Salzburg W A MOZART LOWS | Chemnitz Jahnsdorf Chemnitz EDCJ | Rugen EDCG | Visby ESSV | Helsinki Malmi MALMI EFHF | Visby ESSV | Bornholm Ronne Ronne EKRN | Chemnitz Jahnsdorf Chemnitz EDCJ | Salzburg W A MOZART LOWS

One of the journeys I undertook lately lead me from my homebase in Austria across the Czech Republik, Germany, Denmark, Sweden and the Baltic Sea to Finland and back to Salzburg. I flew this with our aeroclub's Cessna Turbo Skylane which is also equipped with a Garmin1000 glasscockpit. The weather preconditions didn't look too nice since a huge low pressure trough was spreading over large parts of central Europe with humid, unstable air rushing in from the southwest ahead of a cyclone frontal system. Nevertheless - the first day turned out to be relatively calm, so the flight from Salzburg (LOWS) to Chemnitz (EDCJ) was smooth and uneventful with a slight tailwind component.

Chemnitz airfield is well suited for general aviation needs: 900 m tarmac runway with lighting, AVGAS und JetA1 supply, a brand new terminal building with pilot's lounge and internet pc, even a maintainance facility. The only thing missing is a restaurant. The next morning welcomed us with a clear blue sky from one horizon to another - at 6:00 local time. I decided to start as early as possible as the temp's showed an increasingly unstable atmosphere. So I took off in Chemnitz early in the morning heading north towards the next stop in Guettin (EDCG) on the island of Ruegen. The first half of the flight was as smooth as the day before. After passing Berlin more and more TCU's popped up and forced me to manoeuvre around them. Bremen radar was very forthcoming and vectored me down to 2000 feet over the Bay of Greifswald until visual ground contact. Between two rain showers I finally made it to the airfield. Guettin is somewhat similar to Chemnitz with regard to airfield infrastructure. Instead of a maintainance shop they have a restaurant - this was exactly what I needed right now as my stomach showed up the red "low fuel" flag already...

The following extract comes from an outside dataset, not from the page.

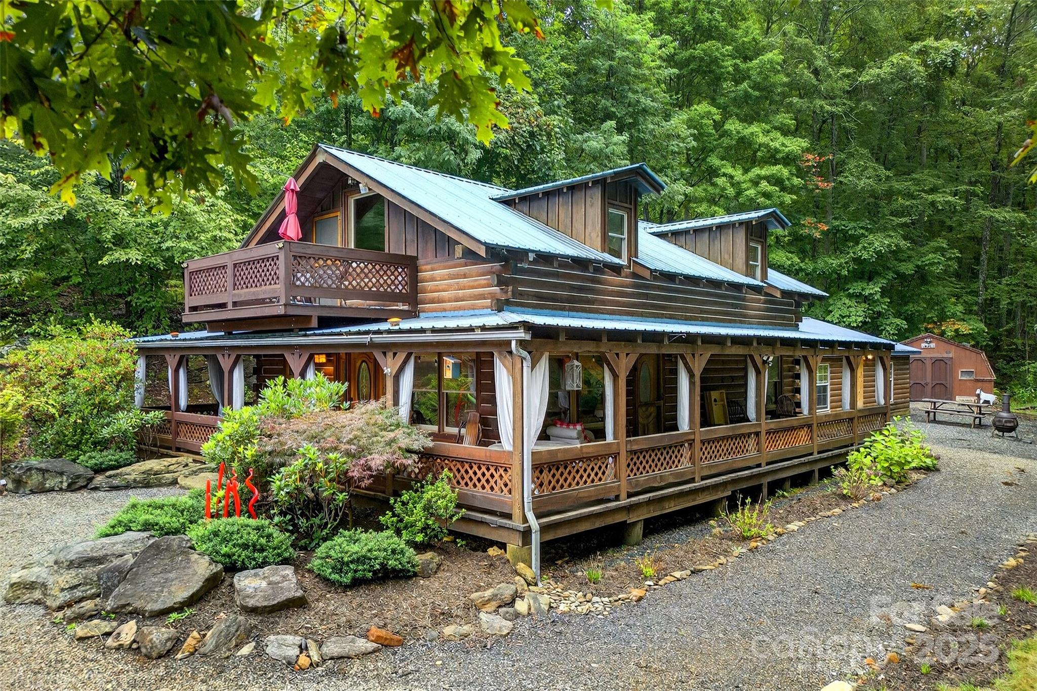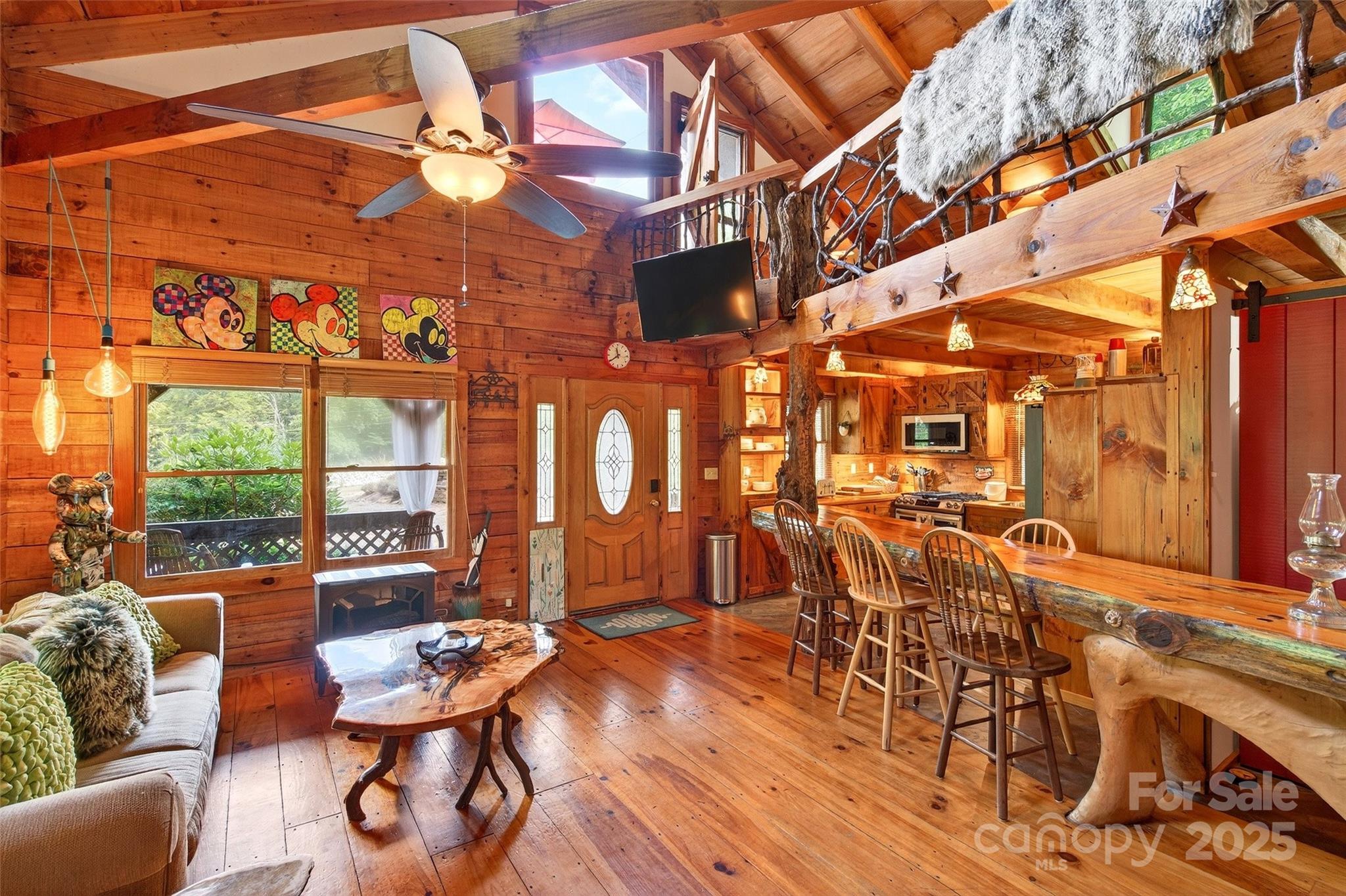 Nestled in the heart of the mountains, this one-of-a-kind log cabin blends rustic charm with modern luxury. Showcasing a stunning open floor plan, the home's centerpiece is a massive, hand-hewn tree trunk that serves as a structural post—bringing the forest indoors. With 2 bedrooms and 2 full baths, there's comfort for family or guests. Just off the loft is a balcony for your morning coffee. The highlight? A private indoor pool perfect for year-round relaxation. Sit outside on the 3 sided covered porch and enjoy listening to the sounds of nature and looking at the mountain views. Whether it’s a cozy getaway, a full-time retreat, or a short term rental this cabin has it all.

After having lunch I checked the METAR's for the next leg to Visby (ESSV) with a nasty surprise: fog with 500 m runway visibility - just below CAT1 minimum. A phone call to the met office revealed that this is sea fog sometimes rolling in from the Baltic Sea. The alternate airfields further away from the coastline on the Swedish mainland all reported CAVOK, and the situation in Visby might change rapidly depending on slight variations in wind direction. Unfortunately it is the only airfield on the island of Gotland, so I decided to fetch some extra fuel to have more time to wait for a "window of opportunity" should the necessity arise. I took off from Ruegen short before the next rainshower and skipped the sightseeing loop around Cape Arkona with its chalk stone cliffs due to the weather. After a rather expeditious IFR pickup (thanks to Bremen radar again) I found a comfortable flight level in FL90 between two cloud layers. After passing the island of Bornholm the weather started improving, the southern coastline of Sweden greeted with few cumulus clouds and a base around 8000 ft, and landing in Visby was no big deal at all. No trace of fog - the afternoon sun seemed to have burned it off completely.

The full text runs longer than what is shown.